Semina was an unbound journal printed on a hand press in editions of a few hundred and mailed to friends ‘like a surprise communication from an erratic correspondent’. Each installment of Semina consisted of loose-leaf pages of different sizes and shapes and featured works by dozens of the artists and poets who passed through Berman’s bungalow on Crater Lane, a loosely defined scene that included Bruce Conner, Jay DeFeo, Jack Hirschman, Joan Brown, Jess, Allen Ginsberg, Diane di Prima, Dean Stockwell, Dennis Hopper, Taylor Mead, Jack Smith, Walter Hopps, William Burroughs and many more.
I have included photos to get a feel of what an interesting and wonderful thing Semina culture truly was and it takes me back in time to a place where artist truly made art for arts sake as opposed to the drive for money and fame. Every photo and piece of poetry and art work inspires so much in me, mainly a sense of the magic in ordinary life and the simple style of working with what you have as we are all so full of our own magic as are the things around us.
A poem by Jack Hirschman
NELLIE
After his shouts, the strops, her screams, the thrown things,
the doorslam, the bitter weeping,
out of the thin box, as the delicate paper was parted,
she'd lift the sheer mojud stockings
and run her fingertips along them,
slowly smiling girlishly again.
She'd begin singing a Perry Como song,
she loved Perry Como and would sing
the same song he sang, all day long,
on the Make-Believe Ballroom Time.
Then, in a black brassiere strapped to her freckled shoulders,
she'd sit on the bed, fit the stockings,
stand up and notch them to the garters
that hung down from her black girdle,
A ripple of fat ran round her waist, squeezed out
by the girdle, different from
the plumps that swelled out from her brassiere.
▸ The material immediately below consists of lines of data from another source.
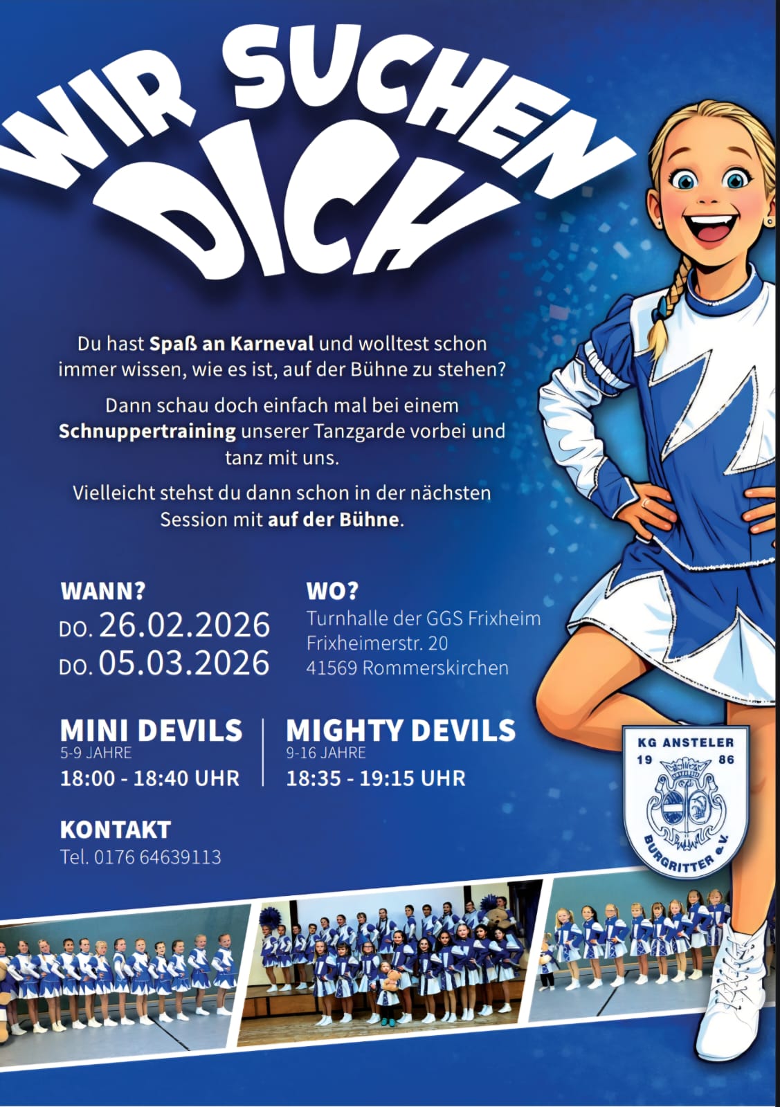 Willkommen bei den Ansteler Burgrittern ⚔️ Tanzen ist deine Leidenschaft? - Dann komm gerne zum Probetrainung vorbei. Wir können immer Nachwuchs, egal ob Junge oder Mädchen, gebrauchen. Mehr Informationen dazu findet ihr hier.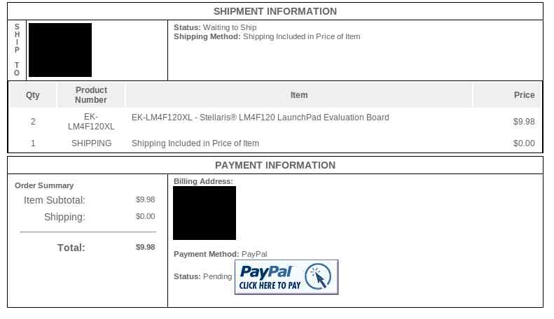 Moin zusammen, ich möchte mir von Texas Instruments das Stellaris Board für $4.99 bestellen. http://www.ti.com/ww/en/launchpad_site/stellaris.html?DCMP=stellaris-launchpad&HQS=stellaris-launchpad-b Bei Ausfüllen der Bestellformulare werde ich nach einem Company Name und dessen Website gefragt. Hat jemand schon Privatkäufe in dem Ti eStore getätigt? Paypal Zahlung soll ja ja TI nach möglich sein. "We are happy to accept PayPal on all eStore purchase" Viele Grüße und danke im vorraus! Marcello
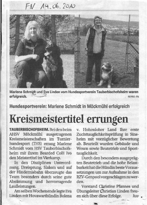 Leistungsprüfung RZV-H am 09.05.2010 beim HSV Sinsheim: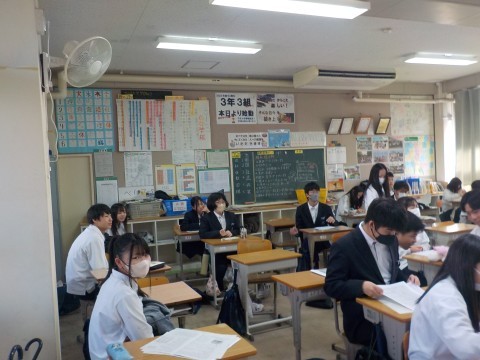 3年生は,もう中学校生活でのテストの回数がわずかとなってきています。名残惜しい(?!)とこではあるかと思いますが,1回1回を大切にして学びを進めてほしいと思います。先生たちは,生徒のみんなに中学校で教えるのがこの学年で最後なので,教えられることは何でも最大限に,もれなく学んでほしいと思いながら授業に臨んでいます。最後まで,少しも聴き漏らさない勢いで授業に取り組んでくれることを期待しています。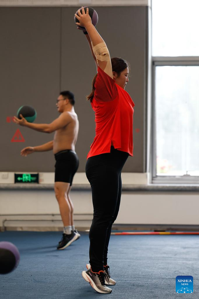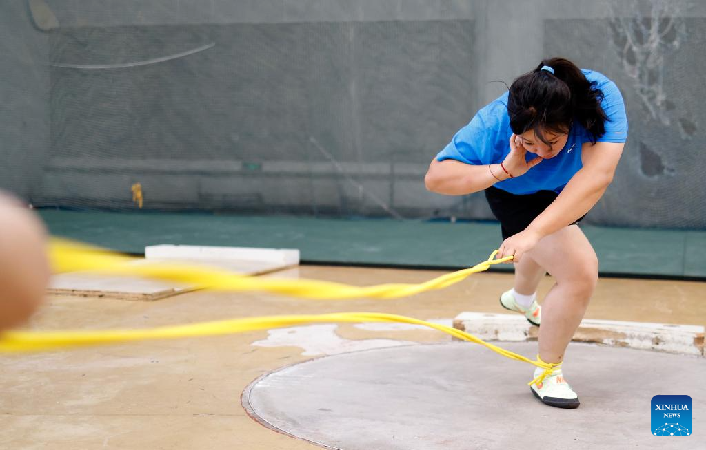Chinese shot putter Sun Yue takes a training session at Beijing Sport University in Beijing, China, Aug. 29, 2025. (Xinhua/Wang Lili)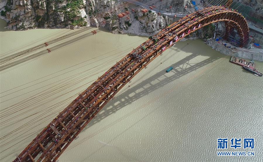 9月28日無(wú)人機(jī)拍攝的川藏鐵路拉林段重點(diǎn)標(biāo)志性工程藏木特大橋。 當(dāng)日,隨著最后一節(jié)鋼管拱的對(duì)位和鎖定完畢,川藏鐵路拉林段藏木特大橋成功合龍,標(biāo)志著大橋主體結(jié)構(gòu)施工取得了關(guān)鍵性勝利。藏木特大橋由中國(guó)中鐵廣州局集團(tuán)承建,拱高112米,橋橫跨雅魯藏布江峽谷,水深66米。 新華社記者普布扎西攝

And I saw a blue bruise, the shadow
of a belt-buckle on her thigh.
But she was singing again, and over the girdle
she'd put on a pair of pink bloomers,
and over everything, then,a brown-and-white flower-print
summer-golden dress.
Her white heels had holes in the toes where her nail-polish
showed through. The bottle of polish, tweezers, lipstick,
rouge, brush and emeryboard were on the vanity table
over there looking in the mirror.
Her lips swam in the Como song with rose-red strokes,
reaching the end with a shiny glow,
like the waxy cameo of her mother
on the brooch in the drawer.
She'd hold out her hand and say, "Come, darling?"
We'd walk hand in hand up and down our street
in the twilight,
and the neighbors would cry out: "Hi, Nellie!" or "Hello,
Mrs. Hirschman," and "Hi, Jackie. My, how you've grown!"
From Endless Threshold (Willimantic, CT: Curbstone Press, 1992)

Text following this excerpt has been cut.